(Records contained in a dataset)

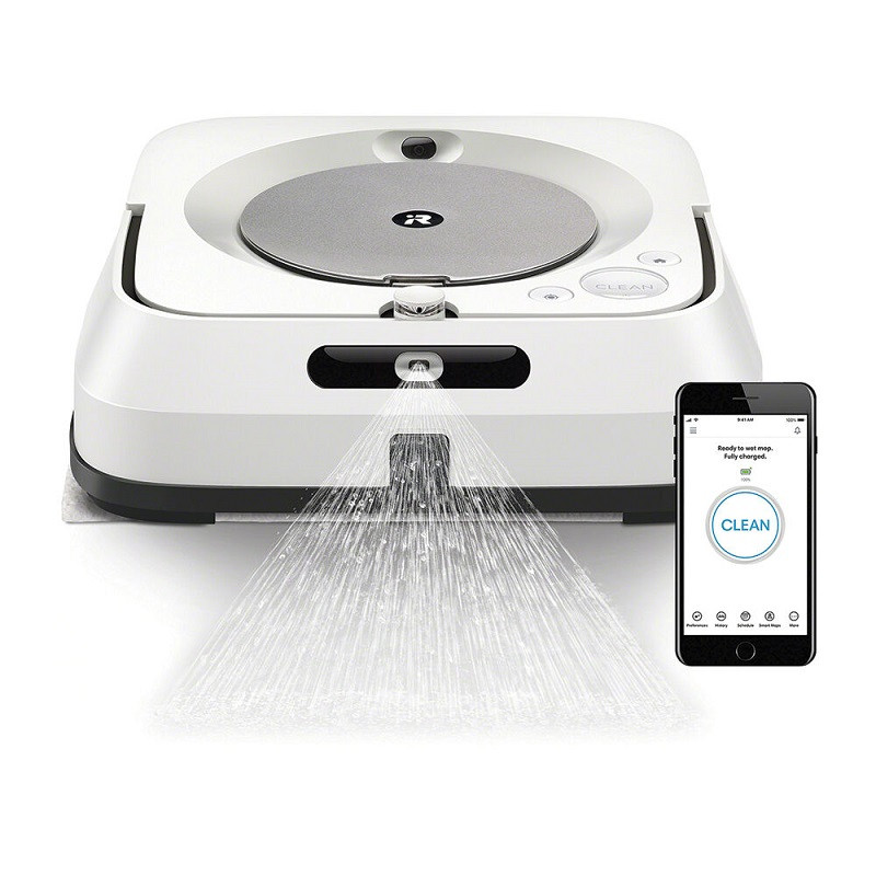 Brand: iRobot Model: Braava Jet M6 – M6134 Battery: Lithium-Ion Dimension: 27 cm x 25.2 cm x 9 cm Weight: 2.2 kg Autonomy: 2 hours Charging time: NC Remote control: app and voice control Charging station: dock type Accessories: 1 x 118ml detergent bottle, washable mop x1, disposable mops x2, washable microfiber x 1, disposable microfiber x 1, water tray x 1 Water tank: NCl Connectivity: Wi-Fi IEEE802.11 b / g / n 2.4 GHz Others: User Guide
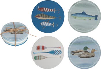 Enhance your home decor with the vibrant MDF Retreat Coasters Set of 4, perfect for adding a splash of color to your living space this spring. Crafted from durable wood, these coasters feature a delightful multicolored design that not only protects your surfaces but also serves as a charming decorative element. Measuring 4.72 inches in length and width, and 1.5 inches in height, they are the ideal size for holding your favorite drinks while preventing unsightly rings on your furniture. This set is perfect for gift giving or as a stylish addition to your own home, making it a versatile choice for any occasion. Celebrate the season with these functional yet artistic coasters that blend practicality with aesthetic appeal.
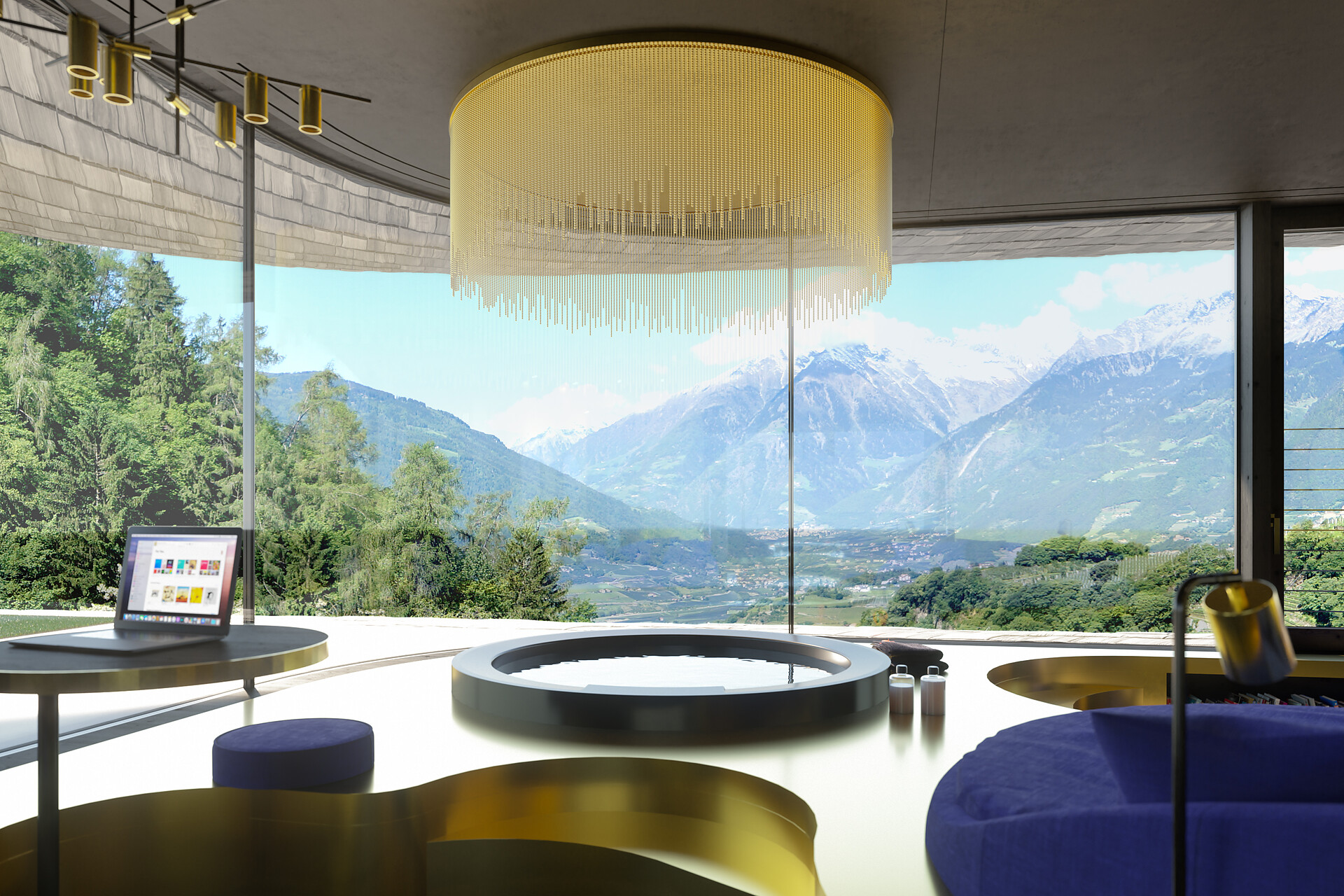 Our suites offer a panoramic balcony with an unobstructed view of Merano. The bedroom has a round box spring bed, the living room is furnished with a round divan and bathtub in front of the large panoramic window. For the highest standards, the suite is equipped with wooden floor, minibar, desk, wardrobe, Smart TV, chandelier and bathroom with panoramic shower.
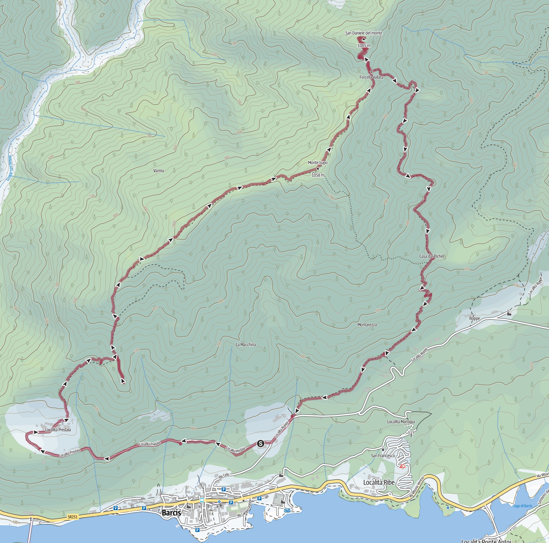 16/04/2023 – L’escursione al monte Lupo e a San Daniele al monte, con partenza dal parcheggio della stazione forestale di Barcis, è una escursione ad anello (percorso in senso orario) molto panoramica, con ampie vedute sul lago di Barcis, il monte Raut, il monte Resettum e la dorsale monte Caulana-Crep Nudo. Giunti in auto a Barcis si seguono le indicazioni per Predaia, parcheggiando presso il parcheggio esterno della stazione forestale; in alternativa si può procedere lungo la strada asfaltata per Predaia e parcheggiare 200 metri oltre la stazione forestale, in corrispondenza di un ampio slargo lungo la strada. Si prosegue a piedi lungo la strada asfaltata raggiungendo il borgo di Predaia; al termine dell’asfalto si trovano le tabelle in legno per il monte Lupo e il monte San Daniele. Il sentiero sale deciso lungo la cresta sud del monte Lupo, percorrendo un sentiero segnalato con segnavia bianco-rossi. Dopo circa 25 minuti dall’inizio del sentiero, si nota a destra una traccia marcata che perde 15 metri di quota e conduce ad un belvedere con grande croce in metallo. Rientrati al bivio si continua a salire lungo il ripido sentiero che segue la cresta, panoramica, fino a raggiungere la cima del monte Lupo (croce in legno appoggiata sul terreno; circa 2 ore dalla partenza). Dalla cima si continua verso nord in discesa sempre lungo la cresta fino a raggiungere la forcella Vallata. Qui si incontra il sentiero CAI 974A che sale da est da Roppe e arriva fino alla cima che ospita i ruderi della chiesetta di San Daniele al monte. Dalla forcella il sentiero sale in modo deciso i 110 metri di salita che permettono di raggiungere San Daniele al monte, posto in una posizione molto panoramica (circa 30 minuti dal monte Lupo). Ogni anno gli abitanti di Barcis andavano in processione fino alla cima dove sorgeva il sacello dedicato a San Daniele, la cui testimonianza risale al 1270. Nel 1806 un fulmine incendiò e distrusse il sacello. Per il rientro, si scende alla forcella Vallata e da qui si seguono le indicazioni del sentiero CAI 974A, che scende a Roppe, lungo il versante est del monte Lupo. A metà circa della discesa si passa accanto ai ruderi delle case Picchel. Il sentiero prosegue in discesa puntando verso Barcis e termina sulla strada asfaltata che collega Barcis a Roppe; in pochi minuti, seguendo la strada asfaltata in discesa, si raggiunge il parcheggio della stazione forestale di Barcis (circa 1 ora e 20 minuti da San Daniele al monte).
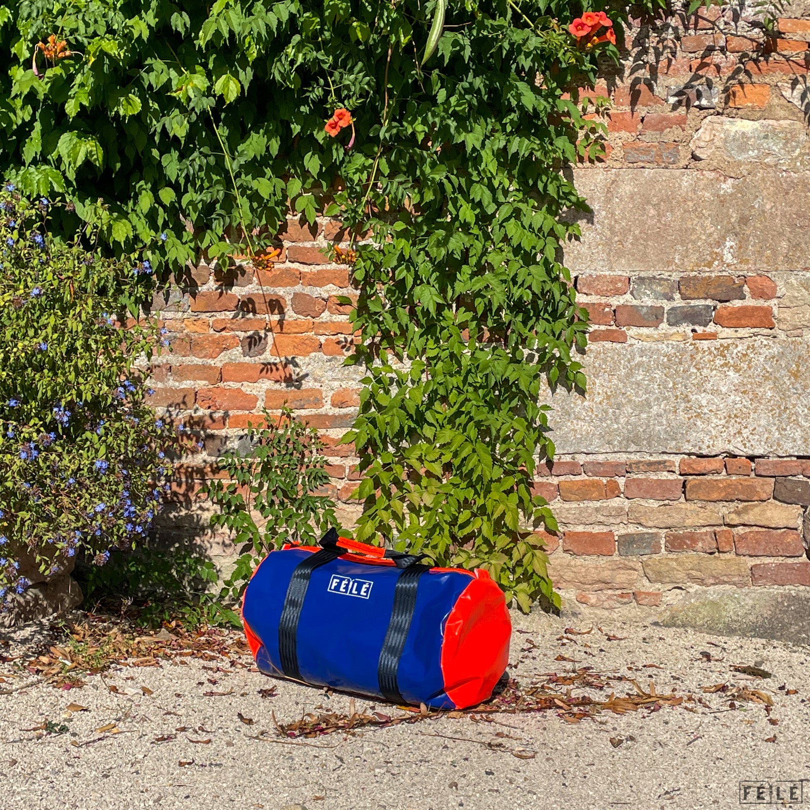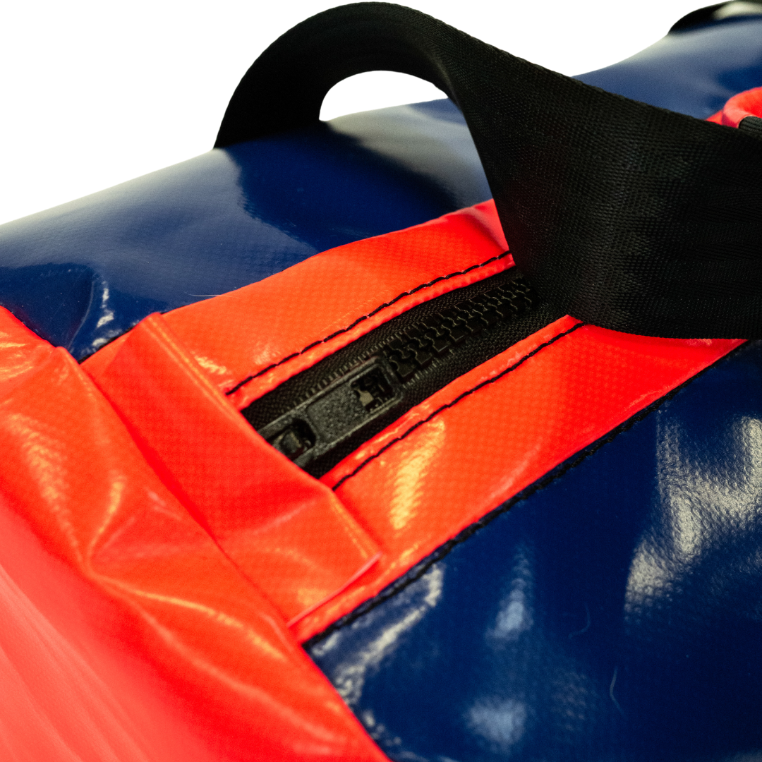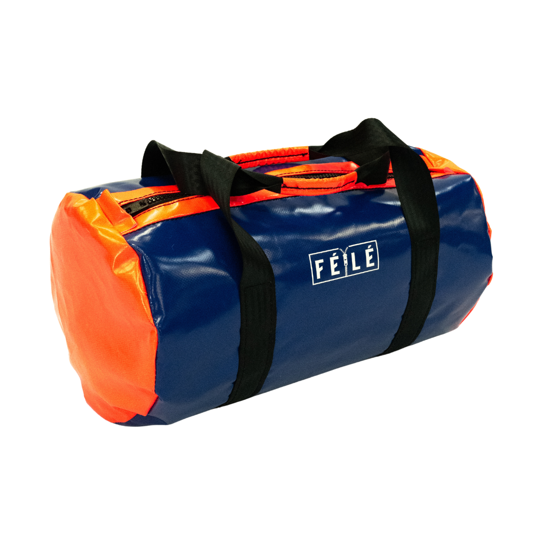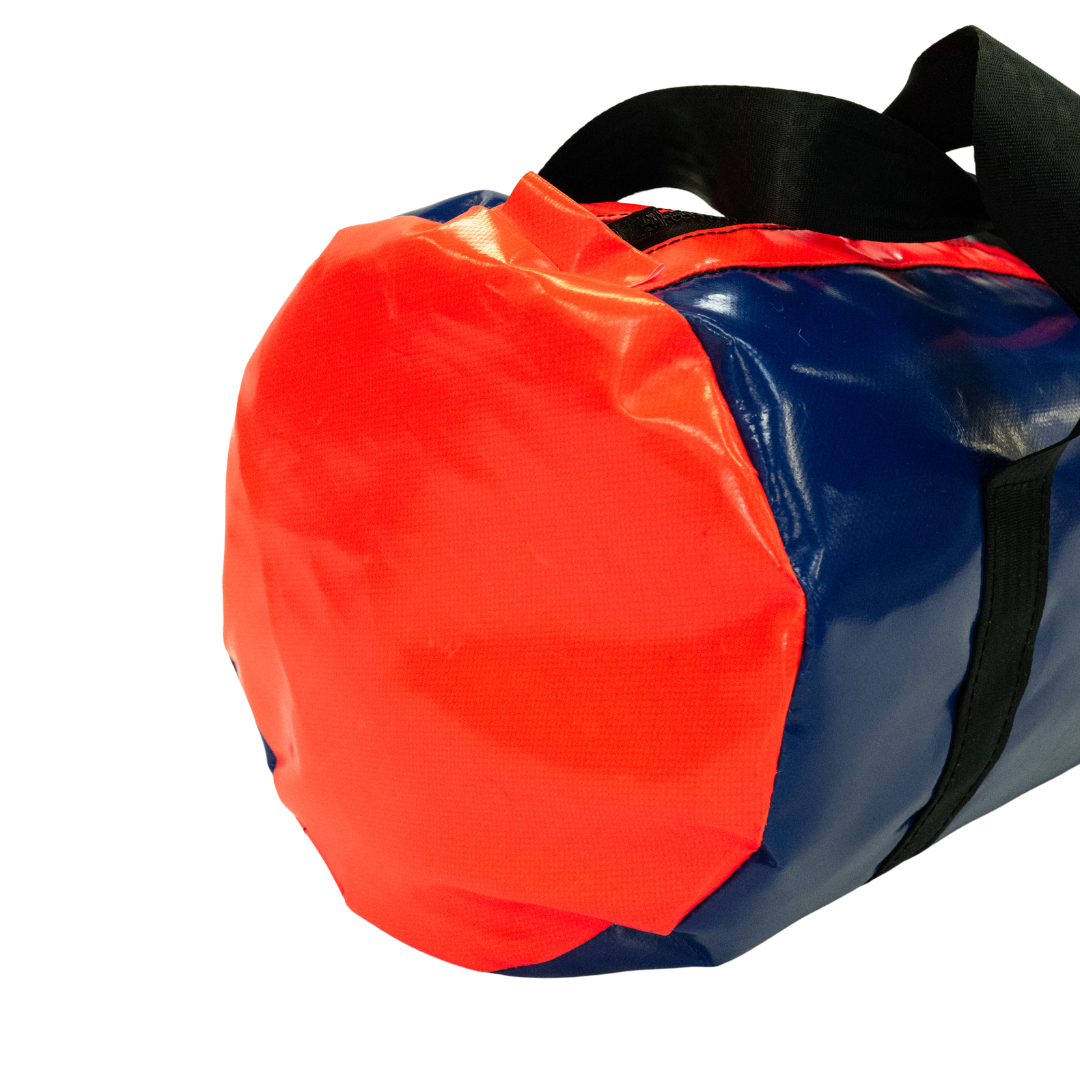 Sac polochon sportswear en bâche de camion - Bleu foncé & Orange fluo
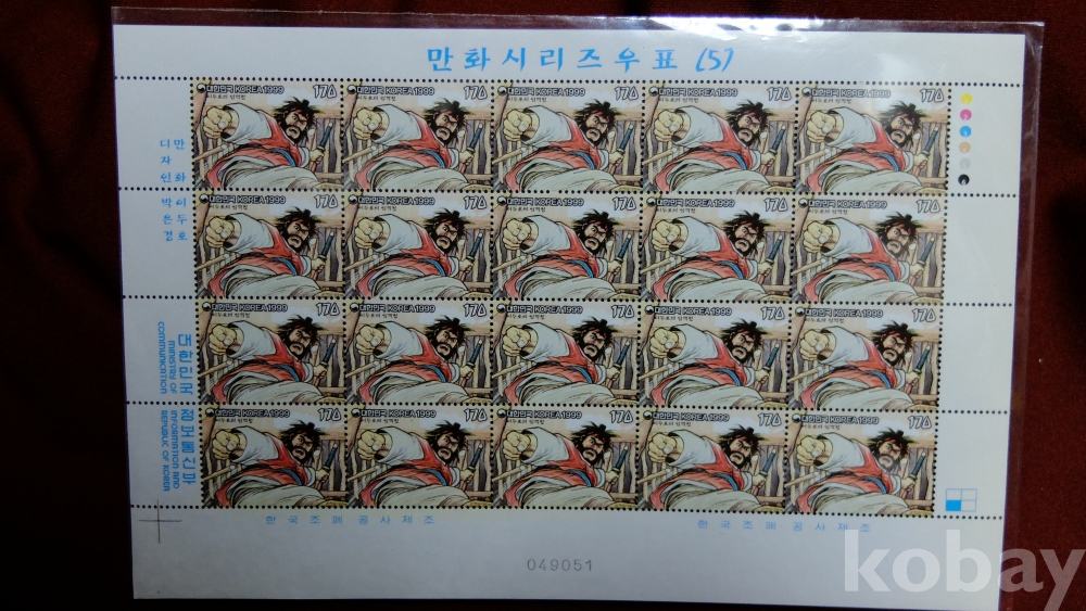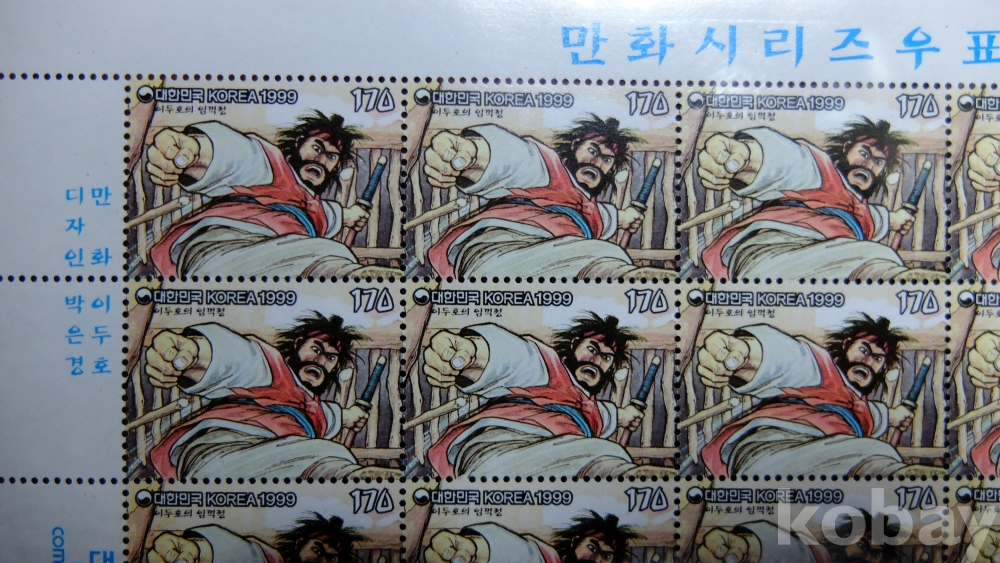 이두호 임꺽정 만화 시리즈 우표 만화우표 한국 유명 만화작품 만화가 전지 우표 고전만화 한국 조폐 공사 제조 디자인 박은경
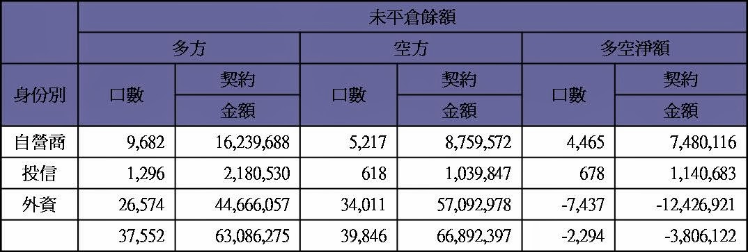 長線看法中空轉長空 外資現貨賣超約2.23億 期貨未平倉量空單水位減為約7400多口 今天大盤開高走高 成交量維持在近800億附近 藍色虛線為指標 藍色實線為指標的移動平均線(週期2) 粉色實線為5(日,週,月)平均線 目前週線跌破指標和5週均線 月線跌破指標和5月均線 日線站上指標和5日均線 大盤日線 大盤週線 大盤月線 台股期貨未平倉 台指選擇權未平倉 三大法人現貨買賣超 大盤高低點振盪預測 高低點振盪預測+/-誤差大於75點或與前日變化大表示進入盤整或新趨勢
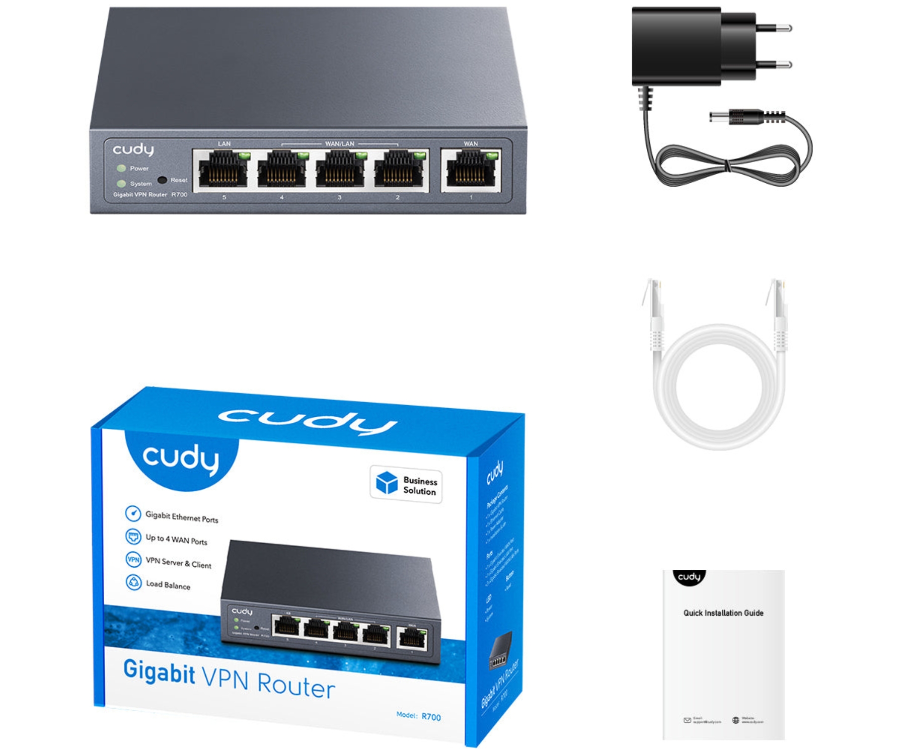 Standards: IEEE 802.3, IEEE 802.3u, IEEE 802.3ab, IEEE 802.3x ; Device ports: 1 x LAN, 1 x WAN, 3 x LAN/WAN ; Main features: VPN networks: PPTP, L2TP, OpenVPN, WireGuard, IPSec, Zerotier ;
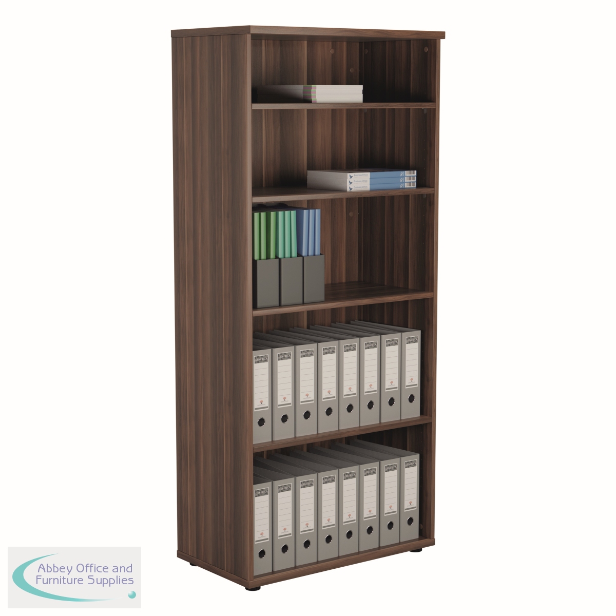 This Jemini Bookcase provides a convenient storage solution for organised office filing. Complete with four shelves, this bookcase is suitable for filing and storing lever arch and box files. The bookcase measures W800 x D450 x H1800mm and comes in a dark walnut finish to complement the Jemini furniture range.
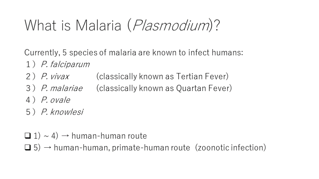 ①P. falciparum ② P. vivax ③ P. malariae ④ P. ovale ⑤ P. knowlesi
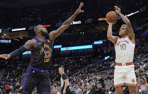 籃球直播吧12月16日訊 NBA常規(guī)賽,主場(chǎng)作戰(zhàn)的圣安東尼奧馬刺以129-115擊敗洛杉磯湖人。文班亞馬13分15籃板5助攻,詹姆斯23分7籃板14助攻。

### TASK REQUIREMENTS
Please repeat, exactly as written, the lines in the records above, starting with the one that has "Enhance your home" and going on through the one that has "Our suites offer". Pictures are to be left out.

### EXERCISE SOLUTION
 Enhance your home decor with the vibrant MDF Retreat Coasters Set of 4, perfect for adding a splash of color to your living space this spring. Crafted from durable wood, these coasters feature a delightful multicolored design that not only protects your surfaces but also serves as a charming decorative element. Measuring 4.72 inches in length and width, and 1.5 inches in height, they are the ideal size for holding your favorite drinks while preventing unsightly rings on your furniture. This set is perfect for gift giving or as a stylish addition to your own home, making it a versatile choice for any occasion. Celebrate the season with these functional yet artistic coasters that blend practicality with aesthetic appeal.
 Our suites offer a panoramic balcony with an unobstructed view of Merano. The bedroom has a round box spring bed, the living room is furnished with a round divan and bathtub in front of the large panoramic window. For the highest standards, the suite is equipped with wooden floor, minibar, desk, wardrobe, Smart TV, chandelier and bathroom with panoramic shower.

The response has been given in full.